• Current through October 23, 2012

A rule adopted by a clearing corporation governing rights and obligations among the clearing corporation and its participants in the clearing corporation is effective even if the rule conflicts with this article and affects another party who does not consent to the rule.

(Apr. 9, 1997, D.C. Law 11-240, § 2, 44 DCR 1087.)



1. The experience of the past few decades shows that securities holding and settlement practices may develop rapidly, and in unforeseeable directions. Accordingly, it is desirable that the rules of Article 8 be adaptable both to ensure that commercial law can conform to changing practices and to ensure that commercial law does not operate as an obstacle to developments in securities practice. Even if practices were unchanging, it would not be possible in a general statute to specify in detail the rules needed to provide certainty in the operations of the clearance and settlement system.

The provisions of this Article and Article 1 on the effect of agreements provide considerable flexibility in the specification of the details of the rights and obligations of participants in the securities holding system by agreement. See Sections 8-504 through 8-509, and Section 1-102(3) and (4). Given the magnitude of the exposures involved in securities transactions, however, it may not be possible for the parties in developing practices to rely solely on private agreements, particularly with respect to matters that might affect others, such as creditors. For example, in order to be fully effective, rules of clearing corporations on the finality or reversibility of securities settlements must not only bind the participants in the clearing corporation but also be effective against their creditors. Section 8-111 provides that clearing corporation rules are effective even if they indirectly affect third parties, such as creditors of a participant. This provision does not, however, permit rules to be adopted that would govern the rights and obligations of third parties other than as a consequence of rules that specify the rights and obligations of the clearing corporation and its participants.

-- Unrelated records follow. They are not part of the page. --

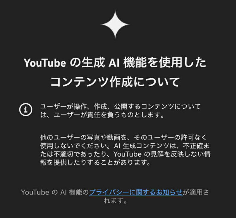 「AIで編集」ボタンを押してみると、こんな画面が出てきました。ここには「YouTubeの生成AI機能を使用したコンテンツ作成について」という見出しで、以下のような内容が書かれています。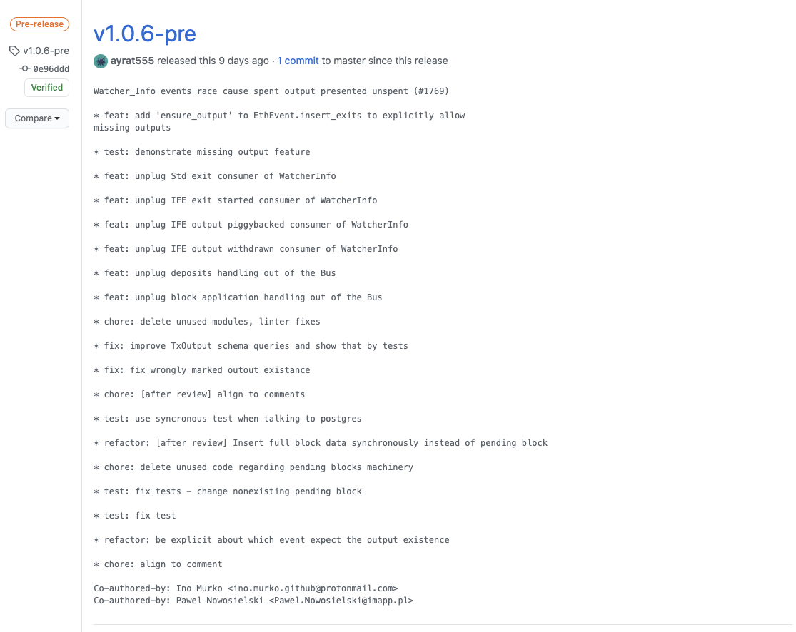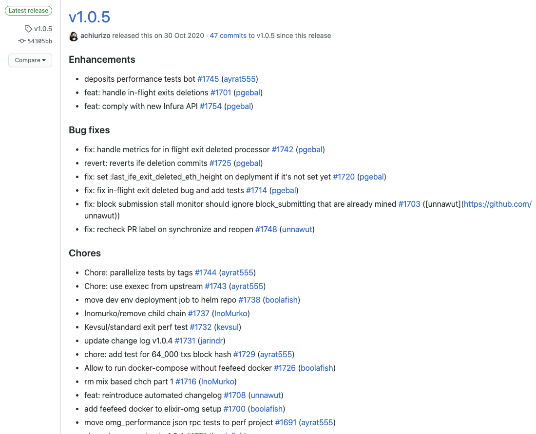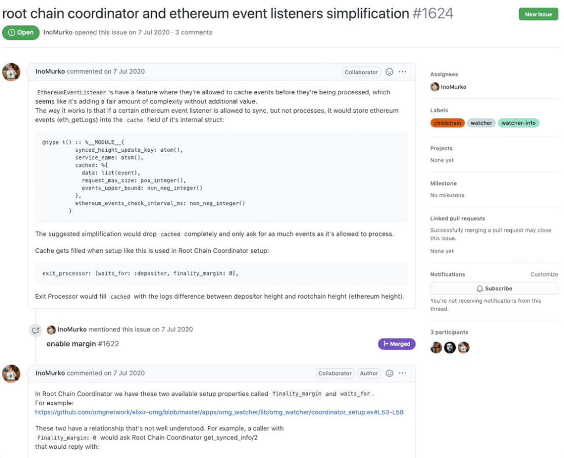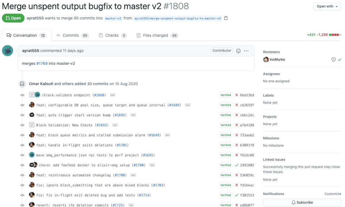 현재 가장 업데이트가 잘 진행되고 있는 elixir-omg 저장소를 통해 오미세고 개발팀의 개발 현황에 대해서 한번 살펴보도록 하겠습니다.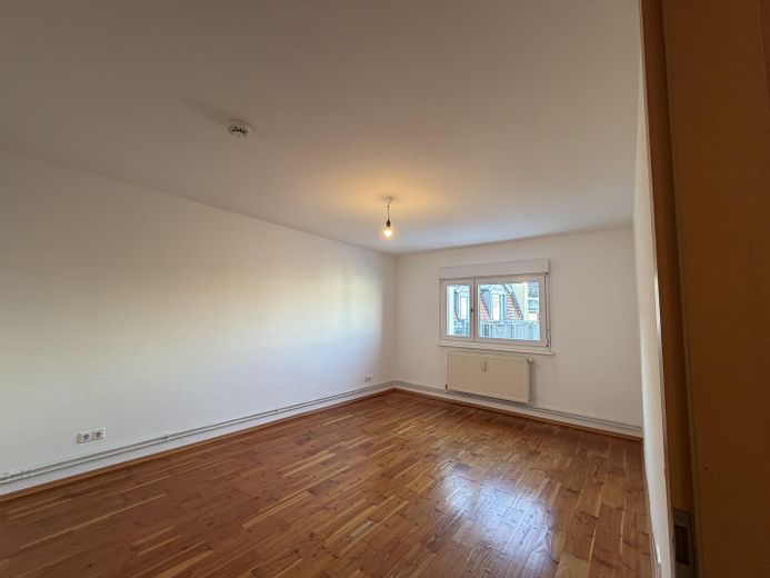 Alle Räume sind vom Flur aus zu erreichen (keine Durchgangszimmer). Zwei Zimmer liegen in Richtung Hof, ein Zimmer sowie Dad großzügige Wohnzimmer sind zur Straße hin gelegen.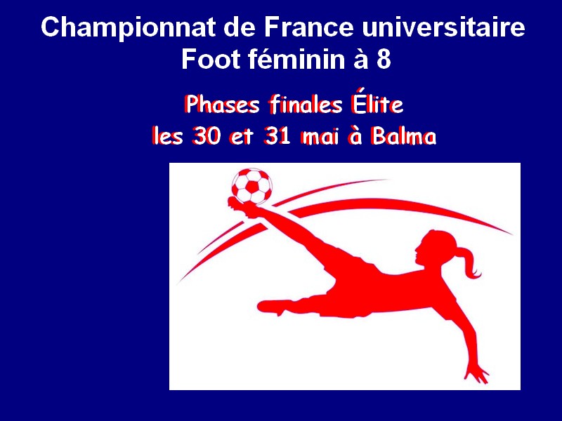 La ville et le club Balma ont l’honneur d’accueillir le championnat de France universitaire de foot féminin à 8. Mercredi 30 et jeudi 31 mai auront lieu sur nos installations, les phases finales Elite.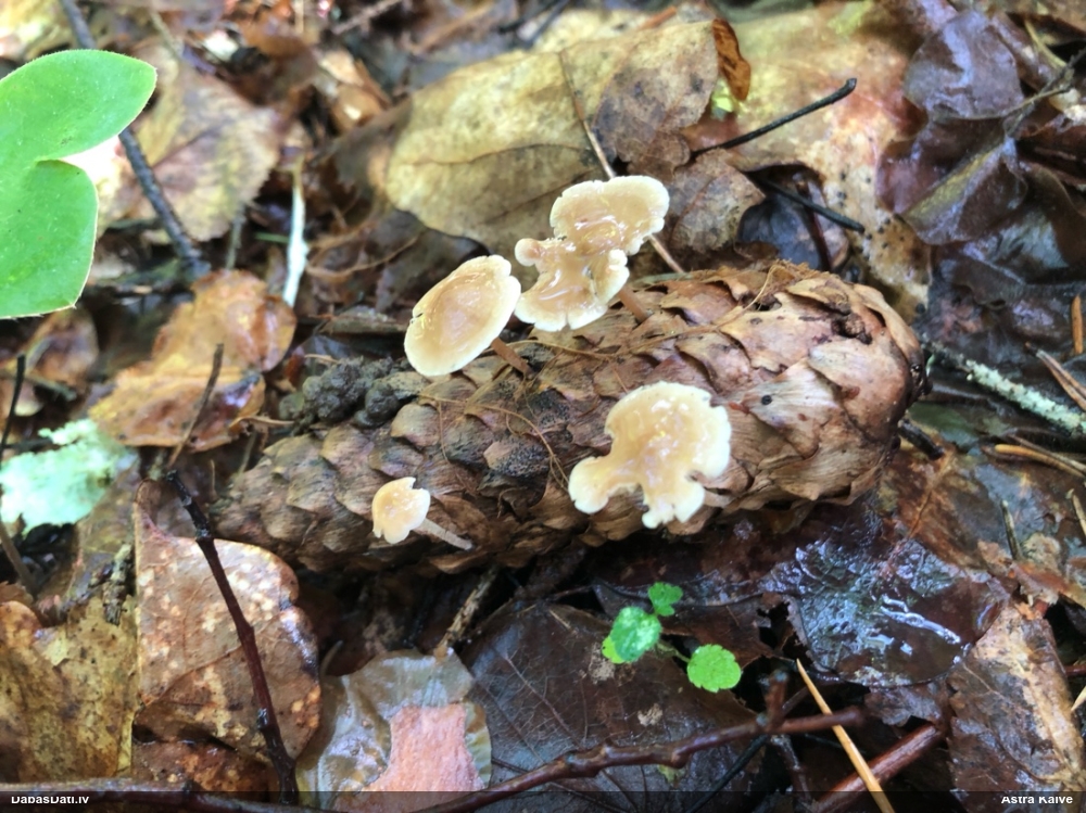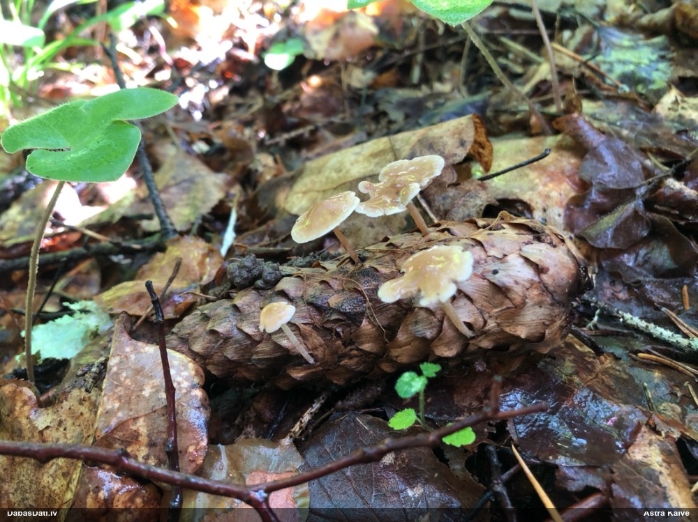 Foto diemžēl nav, bet , cik atceros, auga uz horizontāla paveca nozāģēta celma virsmas. Mežs - jauktu koku, tāda reljefaina vieta :)

2. The definition of clearing corporation in Section 8-102 covers only federal reserve banks, entities registered as clearing agencies under the federal securities laws, and others subject to comparable regulation. The rules of registered clearing agencies are subject to regulatory oversight under the federal securities laws.

Definitional Cross References

"Clearing corporation". Section 8-102(a)(5).

Prior Codifications

1981 Ed., § 28:8-111.

Legislative History of Laws

For legislative history of D.C. Law 11-240, see Historical and Statutory Notes following § 28:8-101.